» **GIVEN DATA**:
━━━━━━━━━━━━━━━━━━━━

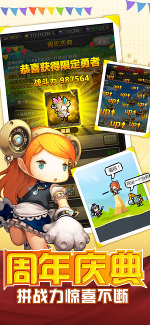 勇者大作战一周年了!无限勇者魔性手游《勇者大作战》周年庆典火热开启,颠覆你的世界观只需0.1秒。多元玩法组团开战,躺着也能嗖嗖升战力!更有让人欲罢不能的弹幕吐槽,魔性新春,旺旺旺! 组合上阵战力飙升,勇者最强羁绊开启! 更多“X”暗金勇者来袭,助阵玩家达到战力巅峰! 结婚系统,让你从吃狗粮变成发狗粮,秀恩爱的时候到了! 帝国荣耀全服PK赛,给你一个成为全服焦点的机会。 宝具,勇者装备新玩法,玩出属于你的个性。 放置挂机玩法,离线也能持续获得收益,升级so easy! 更有让人欲罢不能的弹幕吐槽,魔性2018! 史上最魔性的手游,你真的不来一发吗? 制作人表示:诚挚的希望不管大家有什么意见或是…
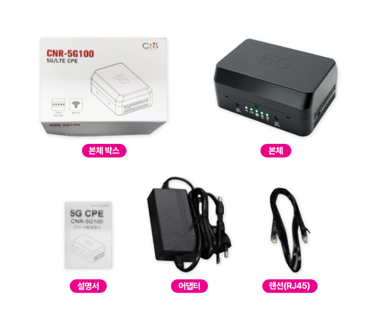 U+모바일인터넷 5G 라우터를 선택하면, CNR-5G150 본체와 함께 설명서, 어댑터, 랜선(RJ45)를 제공합니다.
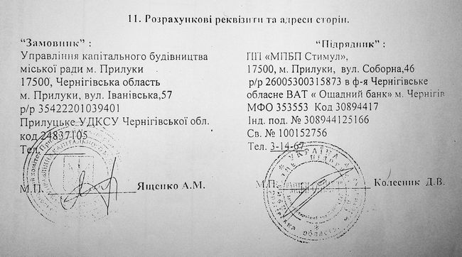 На кожному акті виконаних робіт, як і на договорі підряду, стоїть підпис однієї й тієї ж людини – начальника управління капітального будівництва Прилуцької міськради. Спочатку цей посадовець ніяк не міг визначитися із необхідною для ремонту сумою, потім через його розрахунки місто ледь не втратило 375 тисяч гривень. У цій ситуації мене дивує пасивна позиція мера.
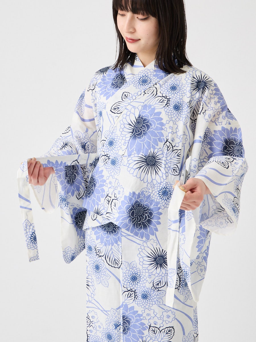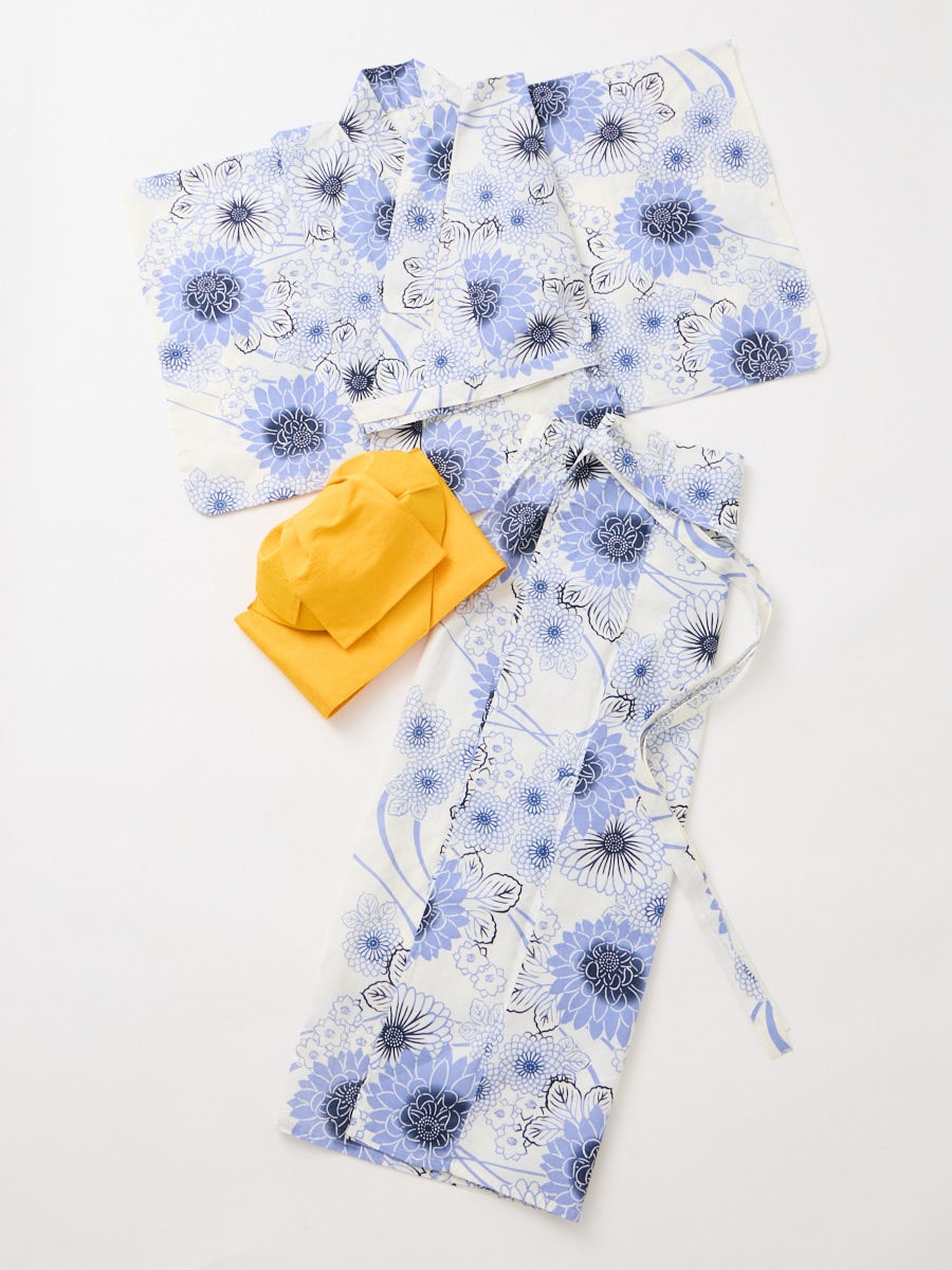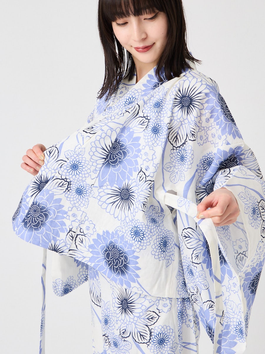 【WEB限定】浴衣2点セット(二部式浴衣 「 流水菊」+ 作り帯「花七宝」)
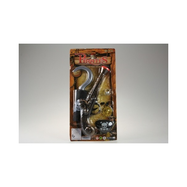 Pirátská sada obsahuje bambitku o velikosti cca 28 cm ,pirátský hák o velikosti cca 23 cm,pásku na oko,prsten a zalťák pro malé piráty.Věk 3+

━━━━━━━━━━━━━━━━━━━━

Begin at the line containing "U+모바일인터넷 5G 라우터를" and transcribe exactly every line through the end of the records, both ends included, leaving the pictures out.

 U+모바일인터넷 5G 라우터를 선택하면, CNR-5G150 본체와 함께 설명서, 어댑터, 랜선(RJ45)를 제공합니다.
 На кожному акті виконаних робіт, як і на договорі підряду, стоїть підпис однієї й тієї ж людини – начальника управління капітального будівництва Прилуцької міськради. Спочатку цей посадовець ніяк не міг визначитися із необхідною для ремонту сумою, потім через його розрахунки місто ледь не втратило 375 тисяч гривень. У цій ситуації мене дивує пасивна позиція мера.
 【WEB限定】浴衣2点セット(二部式浴衣 「 流水菊」+ 作り帯「花七宝」)
 Pirátská sada obsahuje bambitku o velikosti cca 28 cm ,pirátský hák o velikosti cca 23 cm,pásku na oko,prsten a zalťák pro malé piráty.Věk 3+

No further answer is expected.